3.4. Transfer of Care

Once the adolescent has reached transition readiness, the adolescent and parents/guardians—in agreement with the patient—should be assigned an adult medical professional with expertise in SCD [18].

Once an appropriate adult physician with the necessary expertise has been identified, the adult physician should be informed, ideally three to six months prior to the first joint meeting. As part of a comprehensive summary, the adult physician and general practitioner should be informed about the clinical course, including disease-specific complications and any current or planned upcoming therapies, to allow for a well-ordered medical transition. It is suggested to schedule an initial joint meeting in the presence of the parents/guardians, possibly with the involvement of social services. This first meeting should take place before the young adult reaches the age of maturity. Ideally, the pediatric expert would participate in this first visit. Optionally, this could also be conducted in the context of a virtual meeting. Depending on the needs, but especially in the case of emerging challenges that might endanger a successful transition outcome, the adolescent and the parents/guardians should be offered the opportunity for an additional joint meeting. For legal and other reasons, the patient’s consent for parental involvement at that time is required. This not only allows the adolescent the opportunity to build trust, but it also allows the opportunity for timely changes or the clarification of any misunderstandings that may exist from the patient’s point of view.
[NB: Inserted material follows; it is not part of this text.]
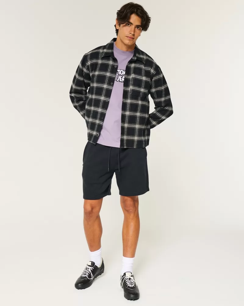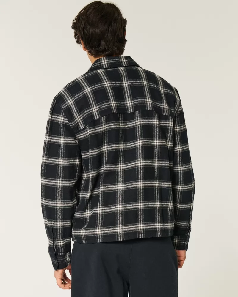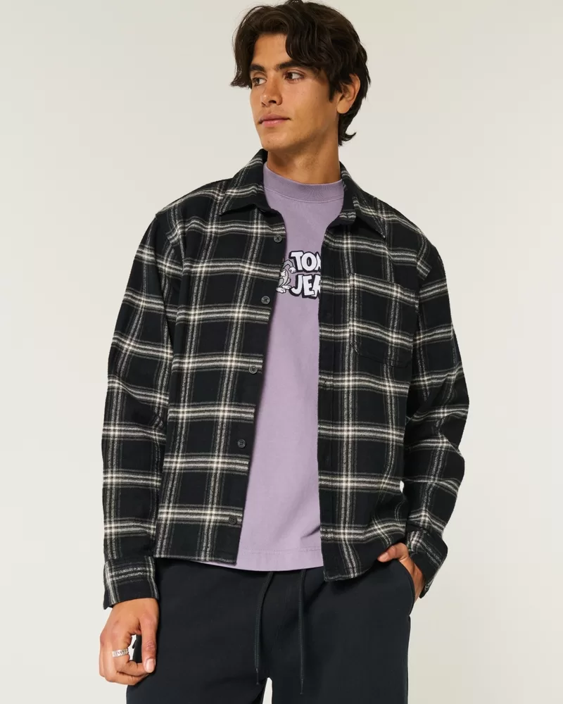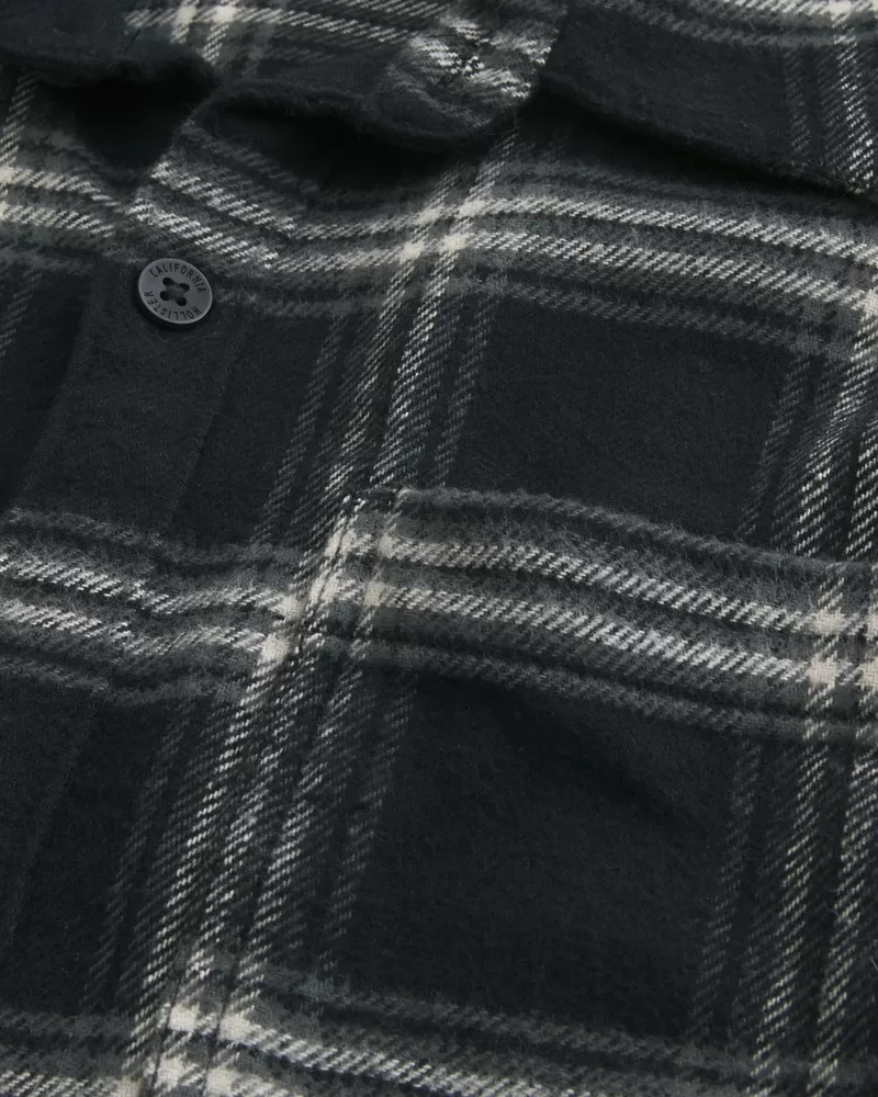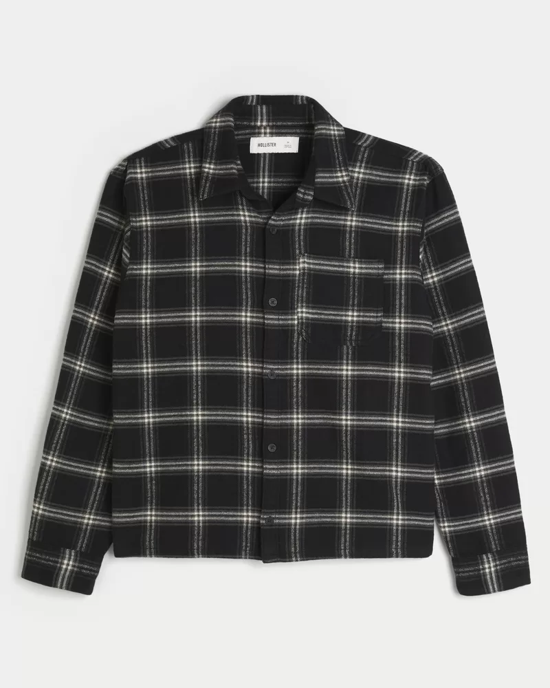 A super soft flannel shirt with a full button closure, longs leeves and collar. Left chest pocket. Boxy Fit.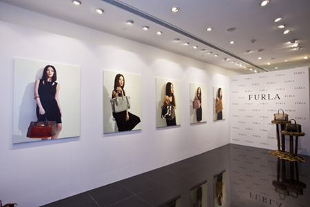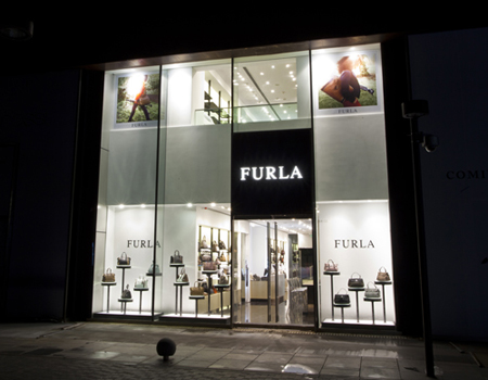 Furla因為春夏季推出色彩鮮艷的塑膠Candy Bag而關注度激增,這款Candy Bag秋冬季會繼續推出新款,不過從色彩飽和度較高的亮麗糖果色改為飽和度較低的裸色、軍綠色和深紅色款式。Furla是意大利家族品牌,而且到現在還在創始家族的掌控中,沒有賣給大奢侈品集團。制造皮具的意大利品牌,工藝自然沒得說。我問PR,和那些聽起來更大牌大家更耳熟能詳的意大利皮具品牌——出于禮貌就沒點名——相比,Furla的特色是什么?答曰壓紋,果然店里有貌似鴕鳥皮和蟒蛇皮的手袋其實都是精致的壓紋牛皮,然而Furla也有珍惜皮質的產品。縱觀了一圈店里的sample,尺寸上從小號clutch到大號手袋齊全,款式上從端莊傳統的拎包到目前正紅火的有點復古風格的斜背大小包都有,材質上從漆皮到壓紋牛皮到馬毛到麂皮到羊毛一應俱全,還有多種多樣材質拼接的款式。設計上基本保持了一致的風格又各有千秋,五金件的使用算得上恰到好處——我比較反感有很多五金件裝飾的款式。如果要評價一下包款風格的話,可用端莊大氣這幾個字。

3.5. Completion of Transition and Opportunity of Follow-Up and Escalate when Needed

An option for follow-up by the pediatrician, at least within the first year after the transition has taken place, is recommended. Another measure to monitor transition is the inclusion of patients in the “Sickle Cell Disease” registry, supported by the Gesellschaft für Pädiatrische Onkologie und Hämatologie (GPOH). Based on the registry, follow-up complications will also be recorded as part of the annual status survey, thus offering the opportunity to measure the effectiveness of the transition [37]. It should be clear to the young adult, and also to the adult physician, that a transition back to pediatric care may be possible, at least in the interim, if serious problems arise that might jeopardize the success of the transition process (“pseudo-fee schedule item 99155”) [21].

In the context of adult care, young adults and their families/guardians should continuously be offered regular psychosocial support. It is well known that leaving a familiar environment presents an emotional stress factor. The goal is to improve care for these chronically ill young adults, strengthen compliance and ensure integration into the adult world, including medical care [38,39].

4. Conclusions

SCD is a multifaceted, multisystem disorder associated with acute and chronic complications due to complex pathophysiological mechanisms that can affect patients physically, psychologically and mentally. The increased morbidity and mortality as compared with unaffected peers, as well as the rarity of the disease in Germany, together with structural requirements, lead to a particular need for national guidance on a standardized process and structure for the transition of adolescents and young adults with SCD in Germany [3].

In addition to the national newborn screening (NBS) for SCD, which was introduced in October 2021, and guarantees the early identification of patients, the development and implementation of such a structured transition will further improve medical care, lead to a better quality of life and even increase chances of survival in the future, based on the prevention or at least early diagnosis and treatment of foreseeable chronic organ changes [40,41]. In addition, such a standardized transition process may be of significant health and economic relevance considering the increased need for acute medical care, especially in young adulthood, as well as the demanding treatment of chronic organ complications [42,43,44]. Therefore, the inclusion of these transition services in the regular care of chronically ill adolescents and young adults suffering from SCD and the coverage of financial requirements by health insurance companies are very important and required.